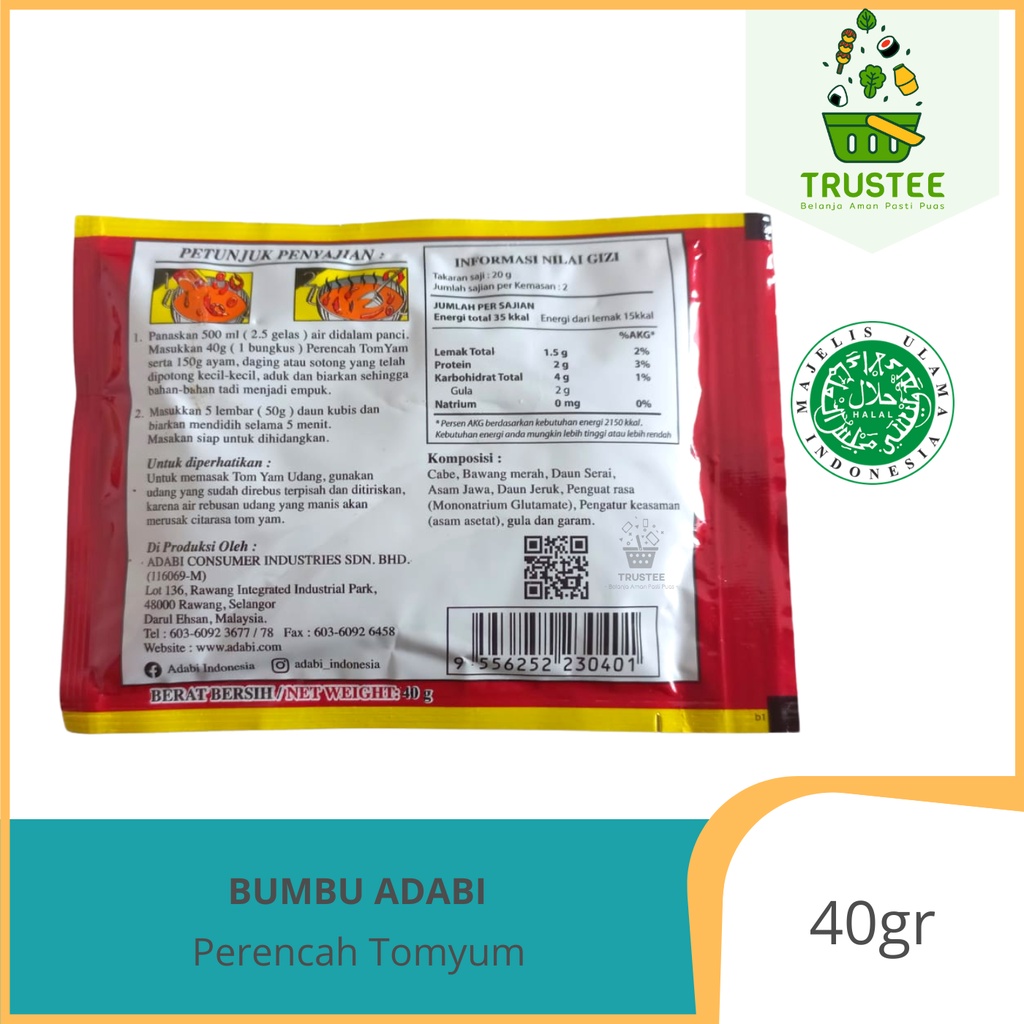 Detail Adabi Bumbu Perencah Tom Yam / Tom Yum Paste Sachet Halal 40gr
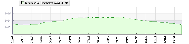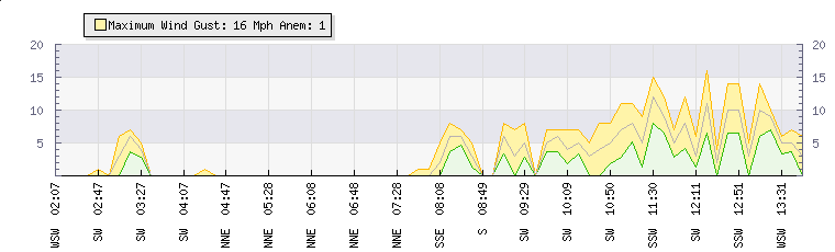 In the last few minutes the wind was South Westerly at an average speed of 4 mph, reaching up to 7 mph and a low of 2 mph. The gust strength is5 mph above the minimum speed |
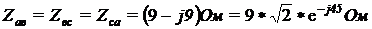 полное комплексное сопротивление, по закону Ома определю фазные токи в
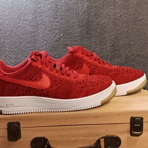 Men's Nike Air Force 1 Low Flyknit Sneakers, Excellent Condition, Color Red, Lace-Up Closure, Size 7, #817419-600, Original Insoles, No Heel, Toe, or Tread Wear, I ship all orders in 24 hours or less using USPS. After receiving shoes if condition is not acceptable instead of leaving low ratings or negative comment just message me to return shoes and I will give a full refund on ur purchase.
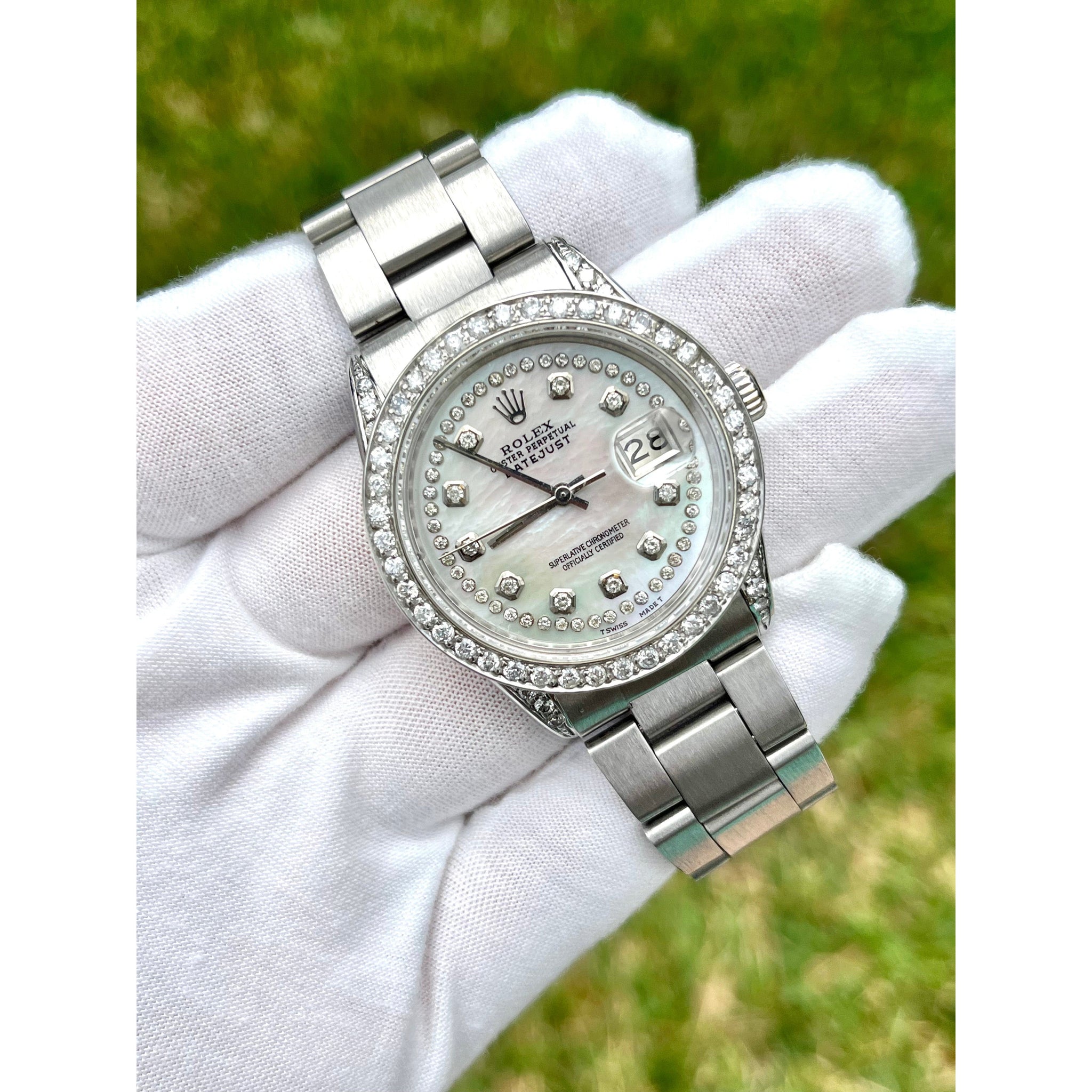 **Disclaimer: All parts and movements are original Rolex parts EXCLUDING the diamond bezel. The diamonds on the hour markers are original Rolex factory diamonds.
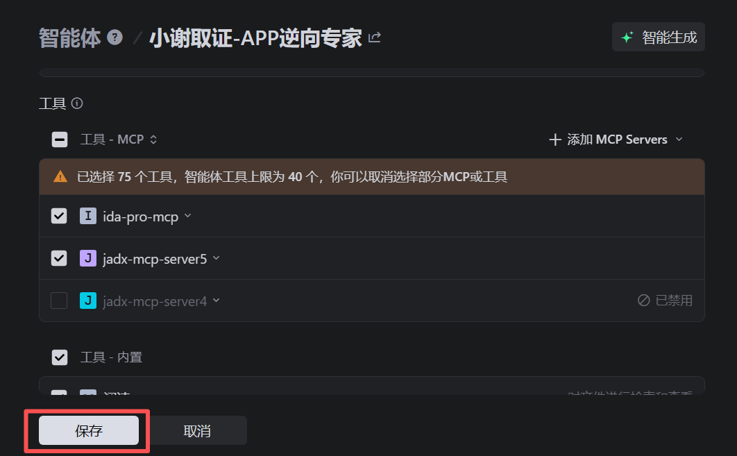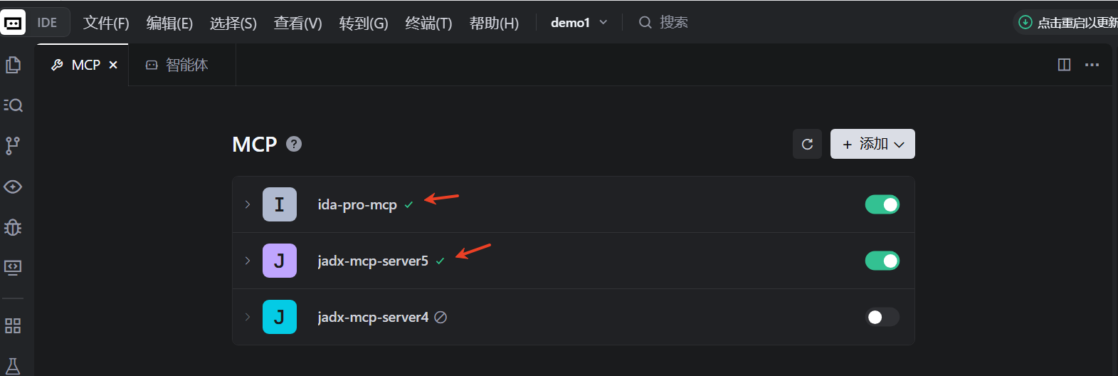 本期所使用到的智能体是jadx-mcp-server和ida pro mcp。也就是利用jadx的工具对APP进行反编译后,就可以使用自然语言与Trae进行交互,就可以让Trae帮你读懂里面的代码。不仅如此,还可以定位加密函数,但有些加密存储在本地库文件中的,无法直接从Java代码中直接获取,就可以利用ida的mcp工具进行查看。

◇ ◇ ◇ ◇ ◇ ◇ ◇

[EXERCISE DIRECTIONS] Please give an exact copy of the lines from the line containing "Rolex factory diamonds." through the end of the records above, pictures excluded.

[ANSWER TO THE EXERCISE]
 **Disclaimer: All parts and movements are original Rolex parts EXCLUDING the diamond bezel. The diamonds on the hour markers are original Rolex factory diamonds.
 本期所使用到的智能体是jadx-mcp-server和ida pro mcp。也就是利用jadx的工具对APP进行反编译后,就可以使用自然语言与Trae进行交互,就可以让Trae帮你读懂里面的代码。不仅如此,还可以定位加密函数,但有些加密存储在本地库文件中的,无法直接从Java代码中直接获取,就可以利用ida的mcp工具进行查看。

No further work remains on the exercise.